▶ What you have to do
Beginning with the top line of the listing below, give again every line up to and including the line with "[신경북뉴스] 김병노 재경성주군향우회장이"; pictures do not belong in the copy.

▶ Collected material

++++++++++

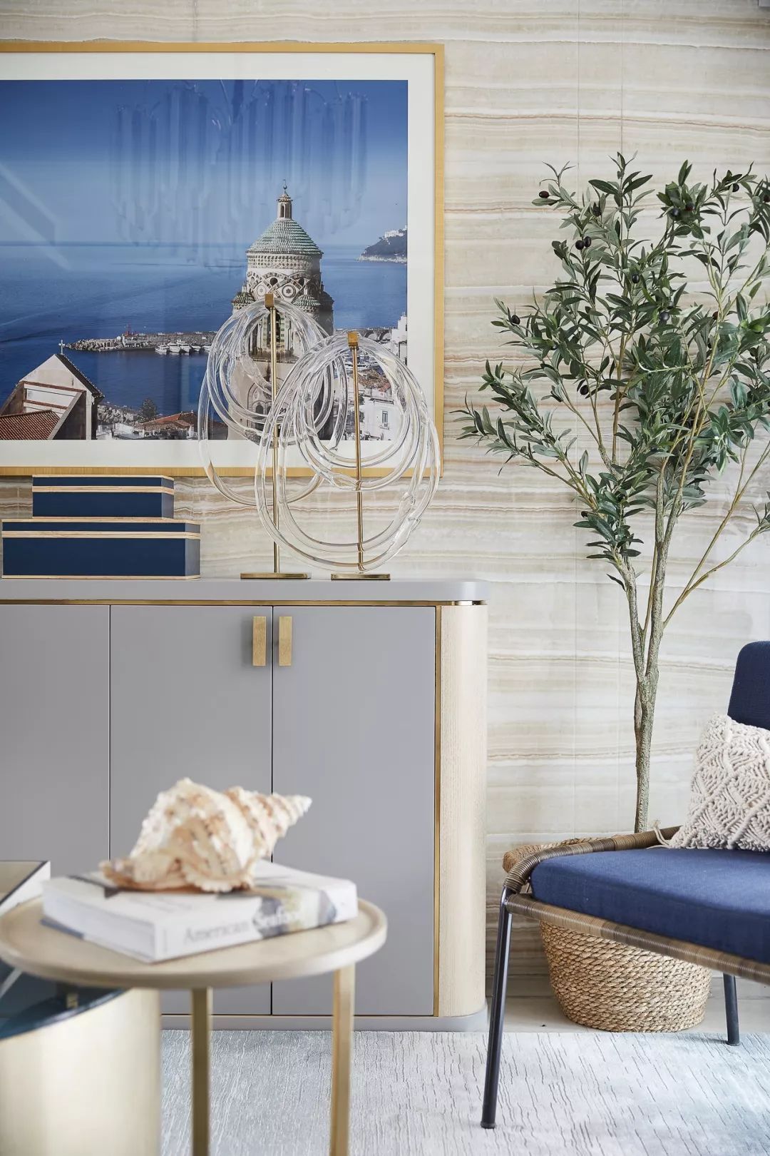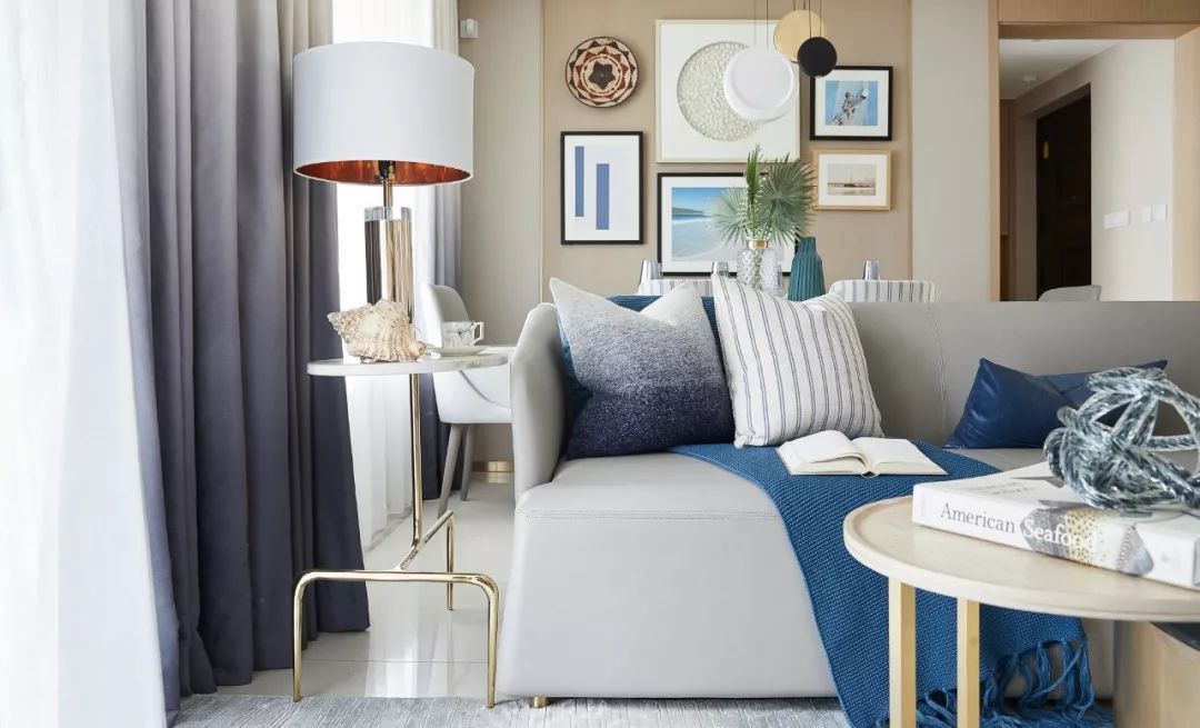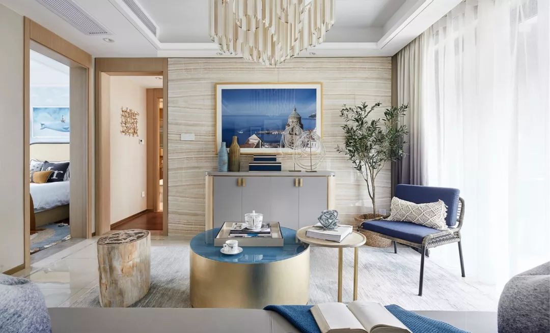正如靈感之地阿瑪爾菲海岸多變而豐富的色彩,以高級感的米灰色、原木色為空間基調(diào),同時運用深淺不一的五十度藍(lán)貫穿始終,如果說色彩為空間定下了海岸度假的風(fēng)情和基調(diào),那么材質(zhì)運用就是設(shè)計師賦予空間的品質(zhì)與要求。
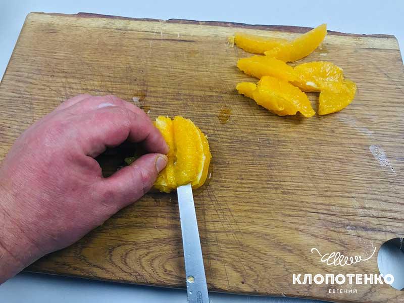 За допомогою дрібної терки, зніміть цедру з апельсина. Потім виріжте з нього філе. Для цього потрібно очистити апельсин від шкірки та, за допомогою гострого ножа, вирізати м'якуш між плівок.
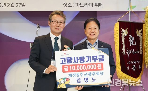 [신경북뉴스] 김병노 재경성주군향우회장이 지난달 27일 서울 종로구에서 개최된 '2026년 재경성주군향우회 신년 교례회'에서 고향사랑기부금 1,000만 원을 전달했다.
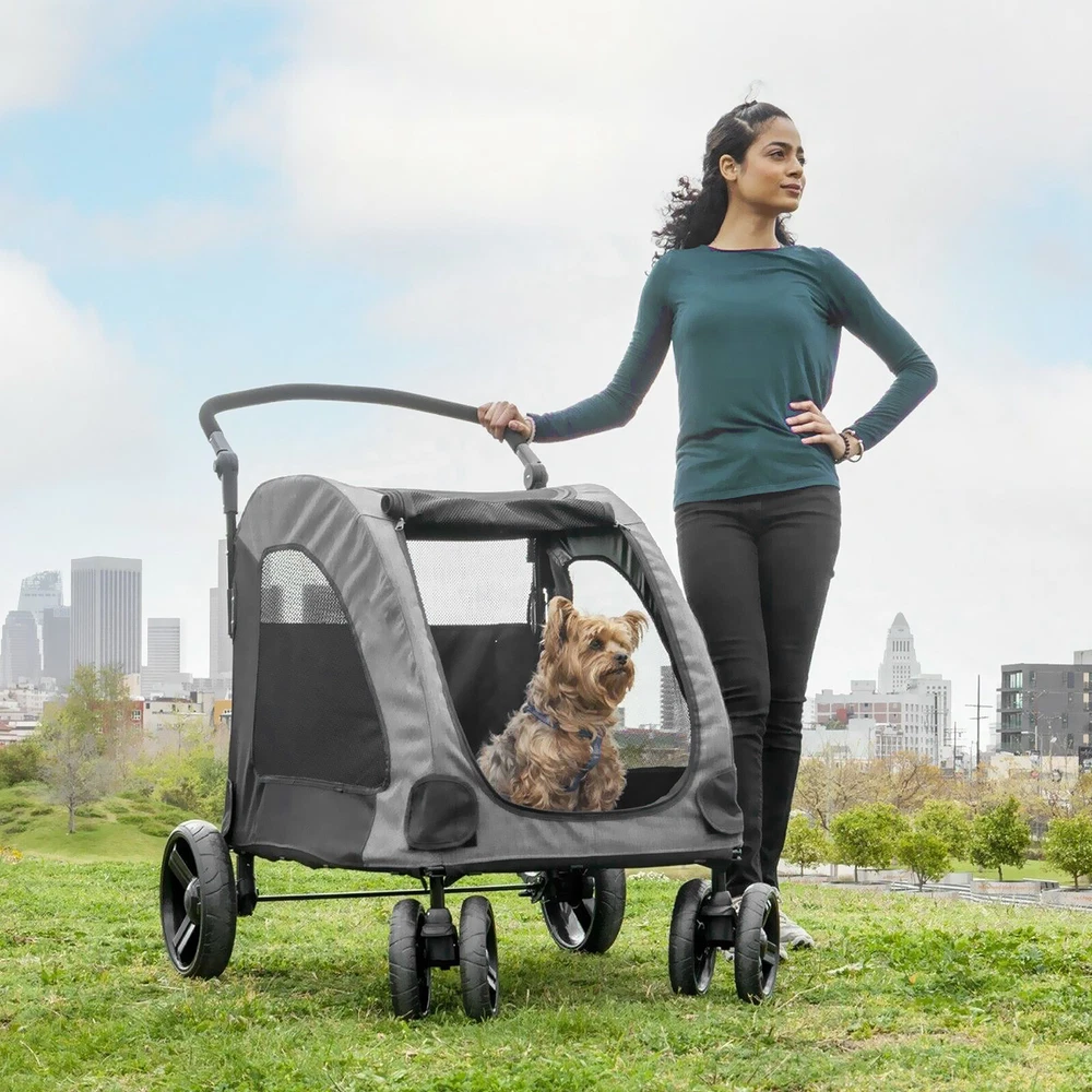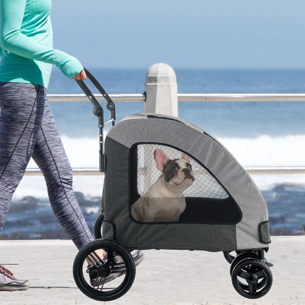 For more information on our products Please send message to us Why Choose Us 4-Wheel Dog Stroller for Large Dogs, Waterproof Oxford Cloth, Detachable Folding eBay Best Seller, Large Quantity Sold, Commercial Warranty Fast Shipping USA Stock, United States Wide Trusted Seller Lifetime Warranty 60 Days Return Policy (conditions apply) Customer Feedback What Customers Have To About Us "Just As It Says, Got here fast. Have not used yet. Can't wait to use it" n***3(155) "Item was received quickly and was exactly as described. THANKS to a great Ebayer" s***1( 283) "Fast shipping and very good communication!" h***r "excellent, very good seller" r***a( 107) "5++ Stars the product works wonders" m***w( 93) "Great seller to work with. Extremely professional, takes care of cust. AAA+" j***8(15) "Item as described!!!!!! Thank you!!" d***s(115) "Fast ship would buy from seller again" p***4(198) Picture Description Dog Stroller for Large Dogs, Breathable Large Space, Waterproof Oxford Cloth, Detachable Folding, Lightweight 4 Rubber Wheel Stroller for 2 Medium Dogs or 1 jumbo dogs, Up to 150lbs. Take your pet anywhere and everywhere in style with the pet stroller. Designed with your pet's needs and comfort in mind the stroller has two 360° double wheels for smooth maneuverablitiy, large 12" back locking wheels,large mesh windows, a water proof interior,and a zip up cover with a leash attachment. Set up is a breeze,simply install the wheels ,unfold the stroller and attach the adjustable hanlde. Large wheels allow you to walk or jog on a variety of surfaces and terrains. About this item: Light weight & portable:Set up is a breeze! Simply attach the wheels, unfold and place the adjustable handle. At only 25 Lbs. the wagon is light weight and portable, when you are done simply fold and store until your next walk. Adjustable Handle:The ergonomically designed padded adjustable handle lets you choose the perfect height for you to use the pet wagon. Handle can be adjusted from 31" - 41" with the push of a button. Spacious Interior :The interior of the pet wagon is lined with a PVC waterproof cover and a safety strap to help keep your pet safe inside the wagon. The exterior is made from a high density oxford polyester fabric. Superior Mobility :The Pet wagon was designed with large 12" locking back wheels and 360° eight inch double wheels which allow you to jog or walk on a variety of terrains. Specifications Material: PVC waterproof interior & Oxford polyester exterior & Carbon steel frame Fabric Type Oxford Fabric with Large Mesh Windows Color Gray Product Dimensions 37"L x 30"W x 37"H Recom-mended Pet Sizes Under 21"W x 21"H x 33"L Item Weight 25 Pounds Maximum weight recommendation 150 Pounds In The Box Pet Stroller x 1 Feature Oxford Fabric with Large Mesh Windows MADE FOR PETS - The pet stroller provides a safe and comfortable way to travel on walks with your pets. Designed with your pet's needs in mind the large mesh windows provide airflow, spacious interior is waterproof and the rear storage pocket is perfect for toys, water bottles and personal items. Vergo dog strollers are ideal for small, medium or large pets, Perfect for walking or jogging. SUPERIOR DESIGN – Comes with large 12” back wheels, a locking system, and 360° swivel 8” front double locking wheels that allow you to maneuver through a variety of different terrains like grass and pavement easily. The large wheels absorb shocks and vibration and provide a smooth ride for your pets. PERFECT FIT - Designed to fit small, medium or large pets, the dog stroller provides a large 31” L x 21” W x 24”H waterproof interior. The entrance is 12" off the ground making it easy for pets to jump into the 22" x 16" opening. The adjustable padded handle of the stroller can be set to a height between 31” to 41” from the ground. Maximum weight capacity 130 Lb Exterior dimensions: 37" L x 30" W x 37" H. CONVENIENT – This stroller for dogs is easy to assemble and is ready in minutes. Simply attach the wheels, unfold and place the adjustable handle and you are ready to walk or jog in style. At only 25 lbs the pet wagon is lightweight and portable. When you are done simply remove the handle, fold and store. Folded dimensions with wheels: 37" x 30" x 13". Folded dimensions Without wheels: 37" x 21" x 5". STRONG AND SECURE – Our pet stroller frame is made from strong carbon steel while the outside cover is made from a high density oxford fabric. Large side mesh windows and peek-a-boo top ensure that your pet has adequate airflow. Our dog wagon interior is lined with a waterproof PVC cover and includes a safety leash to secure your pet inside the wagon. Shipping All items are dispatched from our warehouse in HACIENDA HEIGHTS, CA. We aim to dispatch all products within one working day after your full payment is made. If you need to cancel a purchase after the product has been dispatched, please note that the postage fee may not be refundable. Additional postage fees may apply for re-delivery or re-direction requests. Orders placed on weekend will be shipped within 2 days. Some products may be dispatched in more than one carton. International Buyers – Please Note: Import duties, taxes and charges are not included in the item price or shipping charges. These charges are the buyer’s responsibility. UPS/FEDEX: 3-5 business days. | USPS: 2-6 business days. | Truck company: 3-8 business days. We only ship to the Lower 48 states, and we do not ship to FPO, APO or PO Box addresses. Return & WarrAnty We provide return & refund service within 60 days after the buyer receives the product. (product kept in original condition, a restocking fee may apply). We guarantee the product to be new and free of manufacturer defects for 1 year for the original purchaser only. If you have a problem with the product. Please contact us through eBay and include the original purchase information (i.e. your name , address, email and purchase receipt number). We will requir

++++++++++

▶ Exercise result
正如靈感之地阿瑪爾菲海岸多變而豐富的色彩,以高級感的米灰色、原木色為空間基調(diào),同時運用深淺不一的五十度藍(lán)貫穿始終,如果說色彩為空間定下了海岸度假的風(fēng)情和基調(diào),那么材質(zhì)運用就是設(shè)計師賦予空間的品質(zhì)與要求。
 За допомогою дрібної терки, зніміть цедру з апельсина. Потім виріжте з нього філе. Для цього потрібно очистити апельсин від шкірки та, за допомогою гострого ножа, вирізати м'якуш між плівок.
 [신경북뉴스] 김병노 재경성주군향우회장이 지난달 27일 서울 종로구에서 개최된 '2026년 재경성주군향우회 신년 교례회'에서 고향사랑기부금 1,000만 원을 전달했다.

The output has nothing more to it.